Friday, July 6, 2012

"The Closing" Opened My Mind

Allan Bloom
Allan Bloom (September 14, 1930 – October 7, 1992) is one of the most fruitful and resplendent scholars in modern American Academia.

He passed away almost twenty years ago, yet his work "The Closing of the American Mind" (1987) still inspires and instill and stirs up controversy.

His prophesies regarding the openness of political correctness, buffered by the closing of academic rigors and diminution of scholastic achievement, was a dour yet driven denunciation, one which has sadly been realized, and with a vengeance, not just in post-secondary education, but has also trickled into K-12 public schooling, with tragic results.

His most staggering and staying insight for me was the preeminence of the Ancient Greeks.

 I had often wondered why Ancient Greek myths and legends figures do prominently in Western Literature.

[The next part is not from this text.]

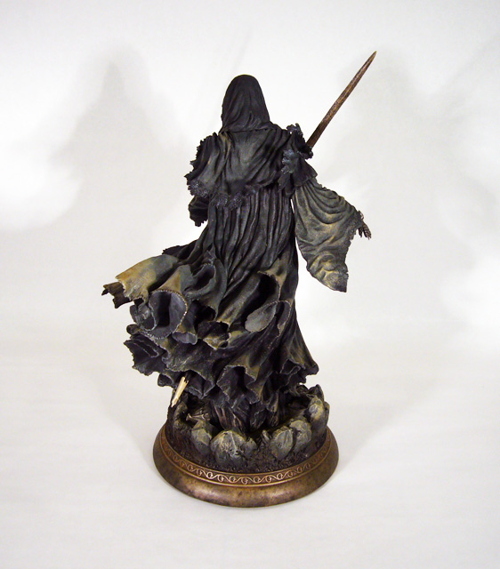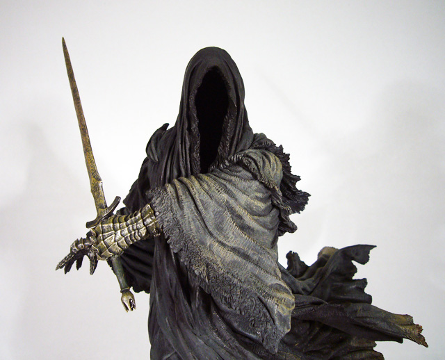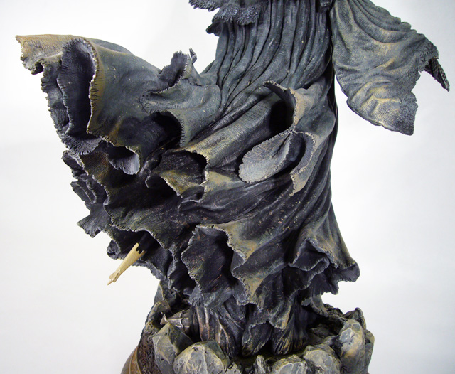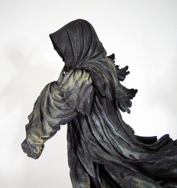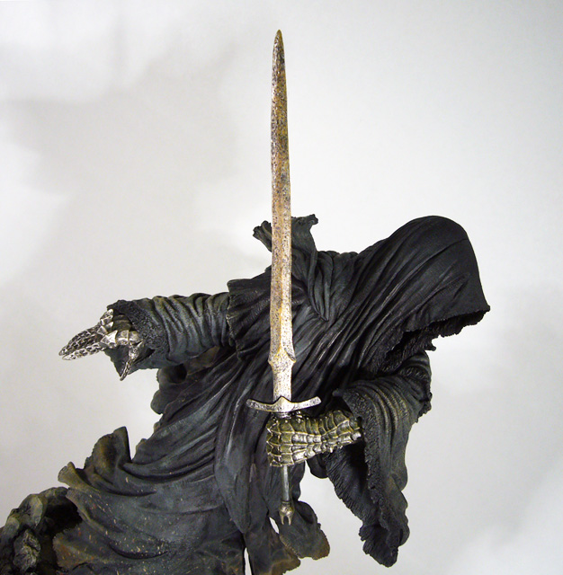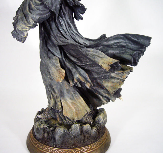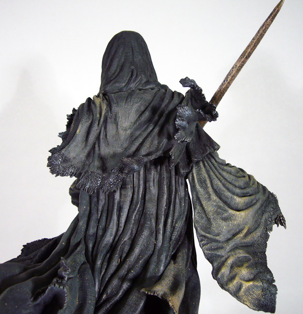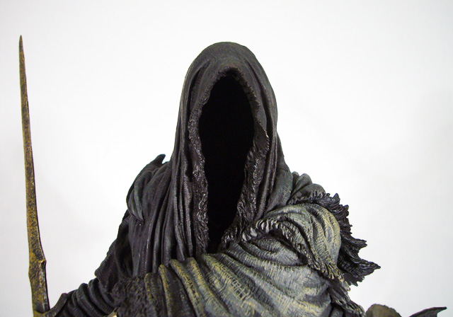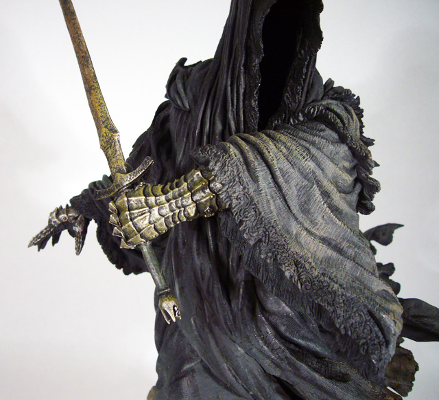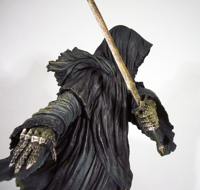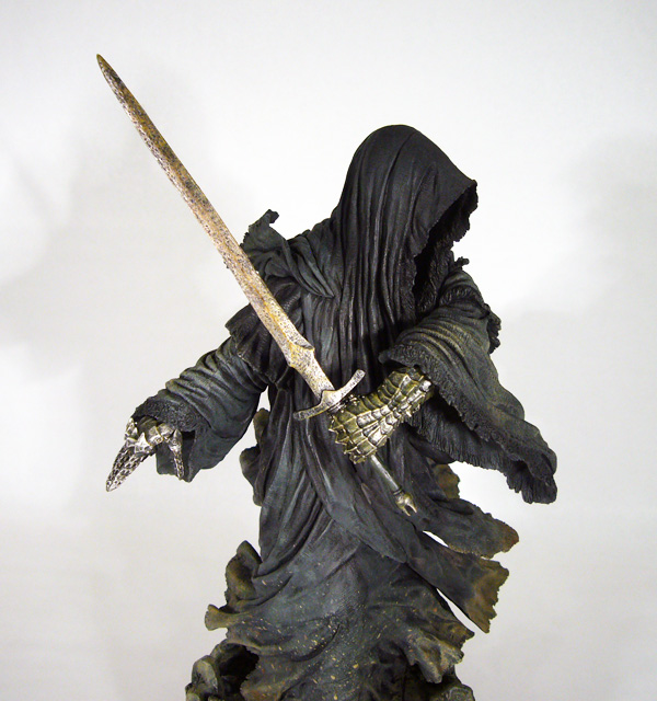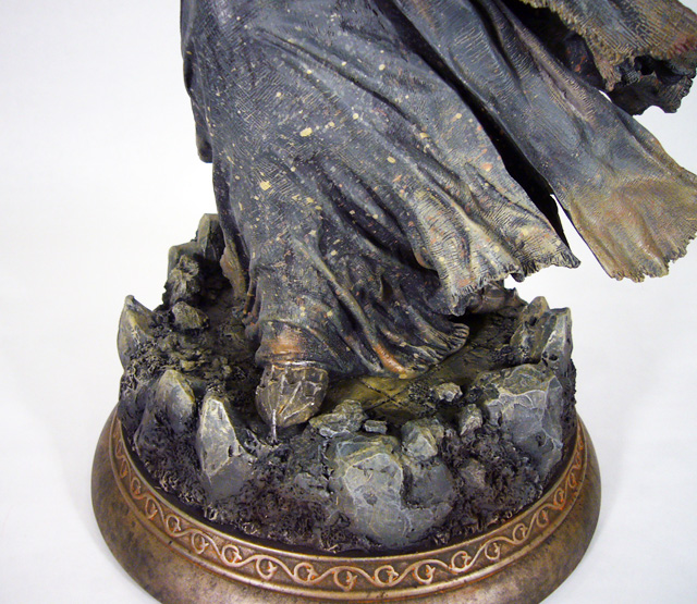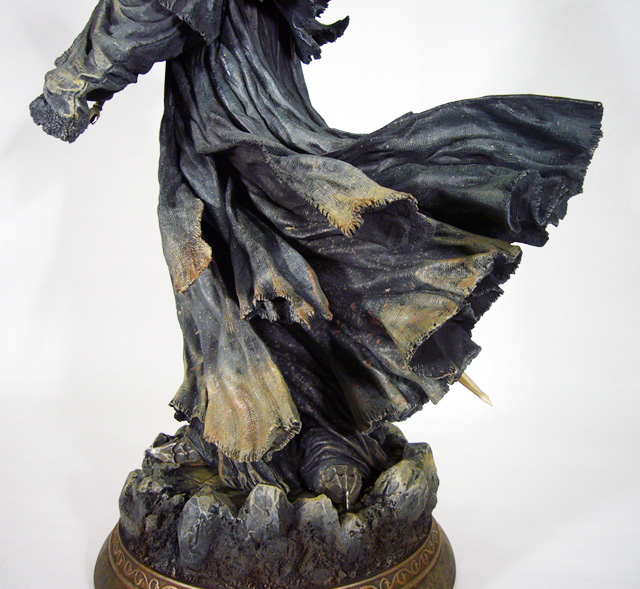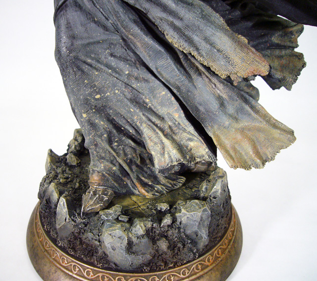 The Ringwraith’s sculpt is nothing short of fantastic. The statue is a foot and a half of crazy folded and billowing “fabric” with details like you wouldn’t believe. The robe has a great intricate texture to it, and at its edges it’s frayed and torn up from use and travel. The garment flows backward around the walking Ringwraith, highlighting his arms and foremost knee. The collar of the robe flaps around his back, while its trailing edge flows out behind him in a huge convoluted mass. The Ringwraith’s cowl is sculpted in an open hood; it’s so dark inside you just have to get a closer look to make sure there’s nothing in there (and there isn’t). Sticking out of the robe are heavily armored appendages; both the feet and hands are covered in segmented metal armor that has a weighty look contrasting with the lightness of the robe. The Ringwraith’s longsword is appropriately pitted and worn, and you can even see just the tip of his scabbard peeking out of the folds of his robe.

Certainly, the allusions and themes of modern works traced their origins to the epic poems of Homer. The birth of tragedy and comedy emerged from the Ancient Greeks, as well, in addition to our understanding, or at least the foundational debates, about the role of citizen and the state in daily life.

For Bloom, the greatest insight from the Greeks was the inception of inquiry, in which the Greeks would not tolerate truth as defined by the established set of prejudices of one's group or nation. Recognizing the divergent and even contradictory elements which defined truth and beauty and ethics in surrounding nations, the Greek thinkers rightly posited that ethnicity as the core of veracity and tenacity was a slippery and misplaced value, one which did very little to inform individuals of their status in the world or the way to make themselves more than what they were.

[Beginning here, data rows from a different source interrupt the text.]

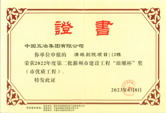 近日,滁州市住房和城鄉建設局公布2022年度第二批滁州市“琅琊杯”優質工程獎名單,中國五冶集團承建的清琅別院項目榮膺在列,光榮上榜。
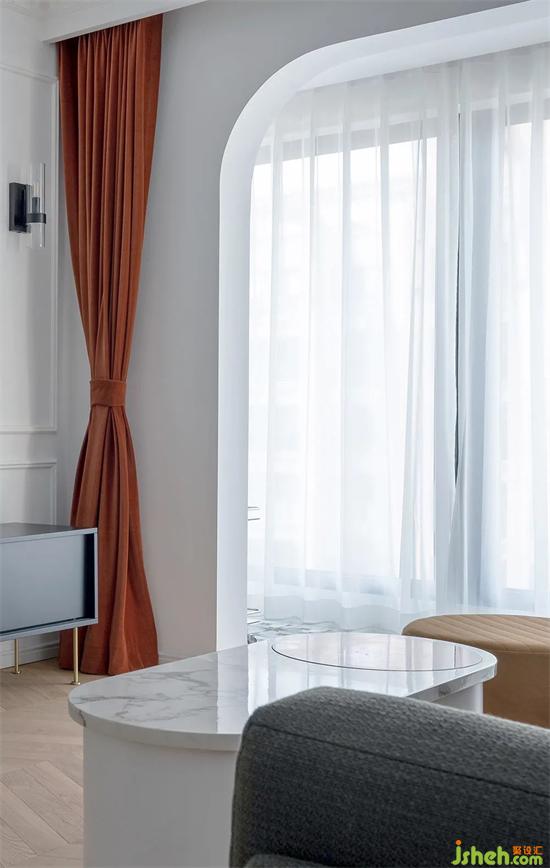 經(jīng)紗簾過(guò)濾過(guò)的光線更加柔和,大理石茶幾的臺(tái)面讓空間的材質(zhì)更有層次。
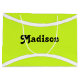 Make your own personalised tennis ball large gift bag for tennis players and fans. Just click to personalise the template and type any tennis player's name or any other text in the custom text box. These can add a fun special touch to gifts for tennis players, coaches and fans. Great for tennis parties and team banquets.
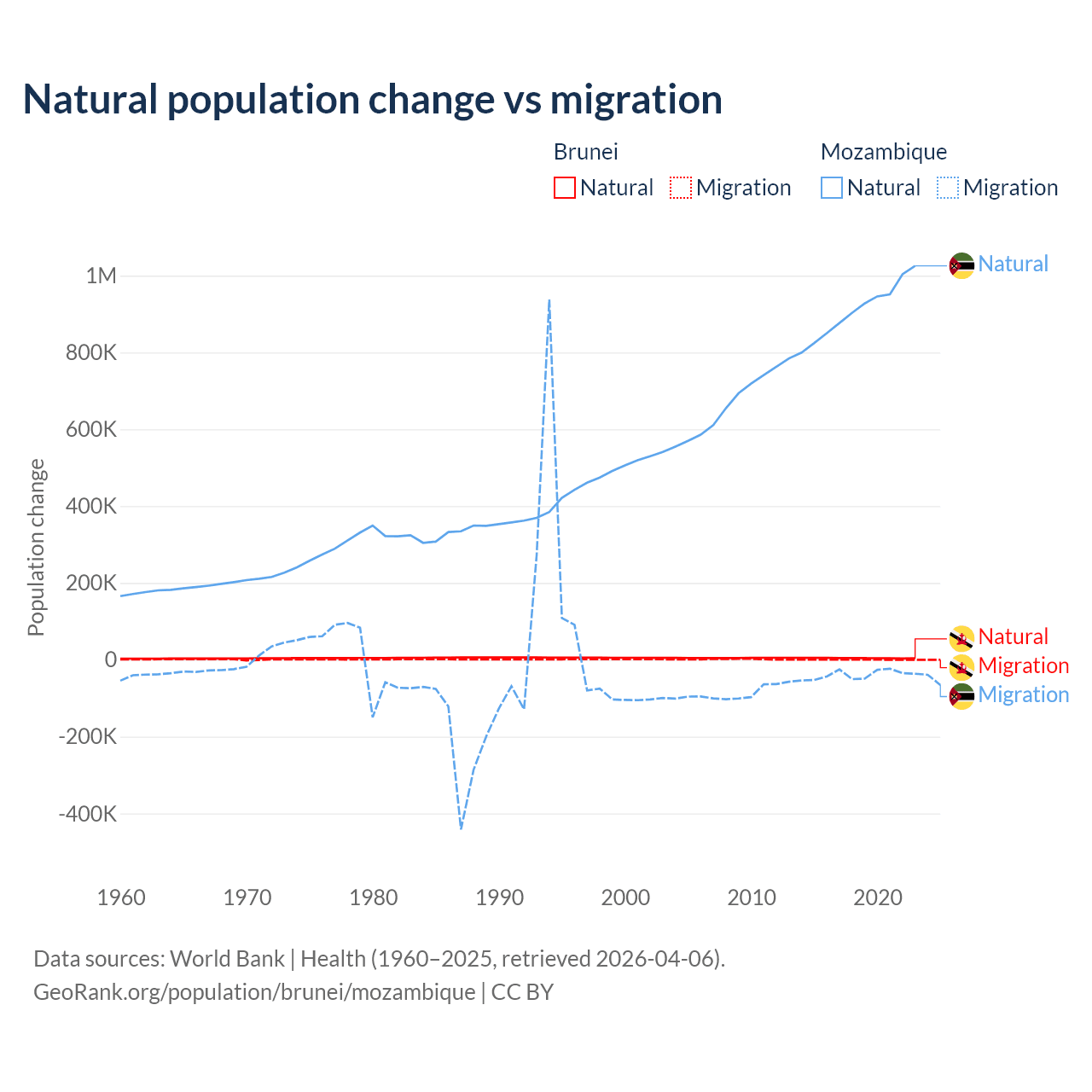 Over the last 10 years, 93.9% of the population change in Brunei is from natural causes (a gain of 43,993 people) and 6.15% is from migration (a gain of 2,882 people). In Mozambique 95.9% is from natural causes (a gain of 9,108,203 people) and 4.15% is from migration (a loss of 393,923 people).

The Greeks definitely developed this skeptical frame of mind following the expansion of trade in the Aegean and throughout the Mediterranean world. The customs of the Phoenicians, the religious practices of the Egyptians and the Israelites, the fears and concerns of Carthage and Rome, all informed the inquiring academic minds that they definition of truth, the stable elements which unity humanity, must arise for a source divorced from one's cultural upbringing.

This foundation notion, one which informed the search for certainties and outlines the paths for eternal constructs and linking elements among humanity, has come under ruthless attack in recent years. Multicultural education no longer looks for the human impulses which designate man's failures and successes in the world.

Then the factor of "openness" falls under swift and prolonged attack in Bloom's book. The insight, very unsightly when considered in its fullness, that an open toleration for every culture, for ever value without critiquing the merits and the lasting impressions of these values, has created a sickly conformity, one in which prejudices once again have won the day.

The irony of rugged individualism as the most subtle of conforming agents was not lost on Mr. Bloom, although the implications of this sad outcome have not prevent public schools from lashing out at difference or promoting empty ethnic stereotypes and de facto building blocks for identity and spirituality..

"The Closing of the American Mind" opened my mind and heart to the intellectual and emotional malaise which was trapping many young people in high schools and college campuses. I could not understand for the longest time why "conservative" values, religious eminence, anything which spoke of a standard beyond one's opinion, was no longer taking hold in  universities across the country. "University" in itself suggests without reserve that these institutions were initiated in order to define and defend the very precepts of inquiry which motivated the Ancient Greeks and break down the tribal myths and monstrosities which have held so  many in bondage.